- Theatrical poster
- Directed by: Bernard Rose
- Written by: Bernard Rose
- Produced by: Dominic Berger Craig Blake-Jones
- Starring: David Garrett; Jared Harris; Joely Richardson; Christian McKay; Veronica Ferres; Helmut Berger; Olivia d'Abo; Andrea Deck;
- Music by: David Garrett Franck van der Heijden
- Production companies: UFA; ARTE; Bayerischer Rundfunk; Film House Germany; Sky Deutschland; Summer Storm Entertainment;
- Distributed by: Universum Film Buena Vista International
- Release date: 31 October 2013;
- Running time: 122 minutes
- Countries: Germany Italy
- Languages: English German

= The Devil's Violinist =

2013 film by Bernard Rose

The Devil's Violinist is a 2013 film written and directed by Bernard Rose. It is based on the life story of the 19th-century Italian violinist and composer Niccolò Paganini. The film had its US premiere on 10 March 2014 at the Miami International Film Festival.

== Plot ==

When he is approached by a supporter wishing to finance his musical career, Niccolo Paganini becomes attracted to the life which Urbani the promoter has come to offer him. He signs a contract to oblige him to perform as scheduled by Urbani which appears to temporarily ease his financial discomfort. Still, Paganini cannot control his lust for gambling and begins to challenge even Urbani's ability to finance him. At one gambling house, he empties his pockets from his losses and then even wagers his violin for the table stakes in a card game. The proprietor offers him the option of simply playing something on the violin for the patrons of the club in order to cover the stakes of the bet, but Paganini refuses and says "I am nobody's servant". The bet stands and Paganini ends up losing his violin.

At a practice in London, Paganini borrows a violin from the first violinist in the orchestra. At a later concert, the King enters his box at the theatre and Paganini interrupts the sequence of his scheduled numbers to perform an improvised version of God Save the King, to tumultuous applause. Paganini is again a success and the first violinist makes a gift of his own violin to Paganini. Meanwhile, Paganini begins to form a relationship with Charlotte, the daughter and protégé of his manager John Watson, who is an accomplished soprano. Paganini composes a duet to perform with her which is very well received and appears to push the protégé into the spotlight. When a romantic relationship springs up between Paganini and Charlotte, her very youthful appearance causes the police to take notice and Paganini is arrested for seducing a minor. Urbani rescues him again by presenting proof that Charlotte is not underage and Paganini is released.

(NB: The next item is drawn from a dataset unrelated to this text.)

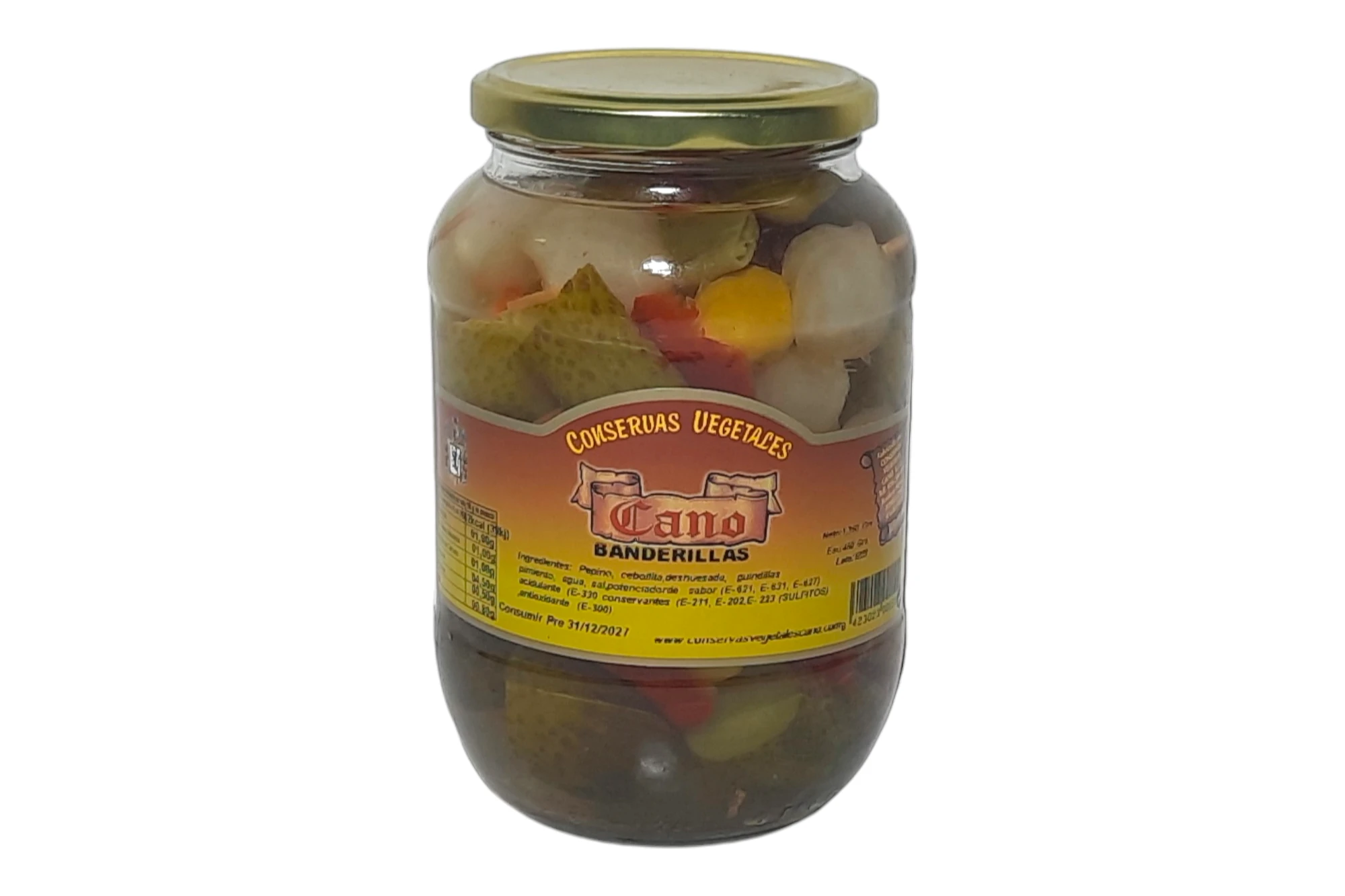 Banderillas Cano: Encurtido picante o dulce en brocheta que combina aceitunas, pepinillos, cebollitas y guindillas. Muy crujientes.

To deal with the situation of Paganini being distracted by this protégé, Urbani arranges a rendezvous between Paganini and Charlotte after one of his performances, however, he invites a courtesan to visit Paganini's dark hotel bedroom before Charlotte arrives. Paganini assumes in the darkness that it is Charlotte come to visit him and does not realize that he is sharing his bed with a courtesan. When Charlotte learns of Paganini's philandering she is livid and the chances of a relationship with Paganini become permanently tainted. Urbani's plan to alienate her affections by hiring the courtesan has succeeded. Paganini then returns to fulfilling his contract with Urbani and performing at various venues throughout Europe.

Paganini's romance with his manager's protégé ends and she leaves the country. Eventually she marries and starts a family abroad. As the years pass, Paganini becomes severely ill from his years of living a prodigal life of sexual license and opium addiction and he dies of related symptoms bringing his virtuosity and career in music to an end.

== Cast ==
- David Garrett as Niccolò Paganini
- Jared Harris as Urbani
- Andrea Deck as Charlotte Watson
- Joely Richardson as Ethel Langham
- Christian McKay as John Watson
- Veronica Ferres as Elizabeth Wells
- Helmut Berger as Lord Burghersh
- Olivia d'Abo as Primrose Blackstone

== Production ==
Filming took place in Germany, Austria, and Italy.

== Music ==
Violinist David Garrett performs many of Paganini's pieces throughout the film, including Caprice No. 24 in A minor and "Carnival of Venice".

The English version of "Io Ti Penso Amore" features lead vocals by Nicole Scherzinger. Andrea Deck provides vocals sung in Italian in the film. The melody of the song is set to the violin introduction of the second movement, Adagio flebile con sentimento, of Paganini's Violin Concerto No. 4.

== Release ==
The film premiered on 31 October 2013 in Germany, 27 February 2014 in Italy, and had its US premiere on 10 March 2014 at the Miami International Film Festival.|Stryker Entertainment

==Reception==
Simon Abrams writing on RogerEbert.com opens his review of the film by saying "While The Devil's Violinist, an arresting biopic about inspired/possessed violinist and composer Niccolo Paganini, ends on a sour note, it's also beautiful and thoughtful."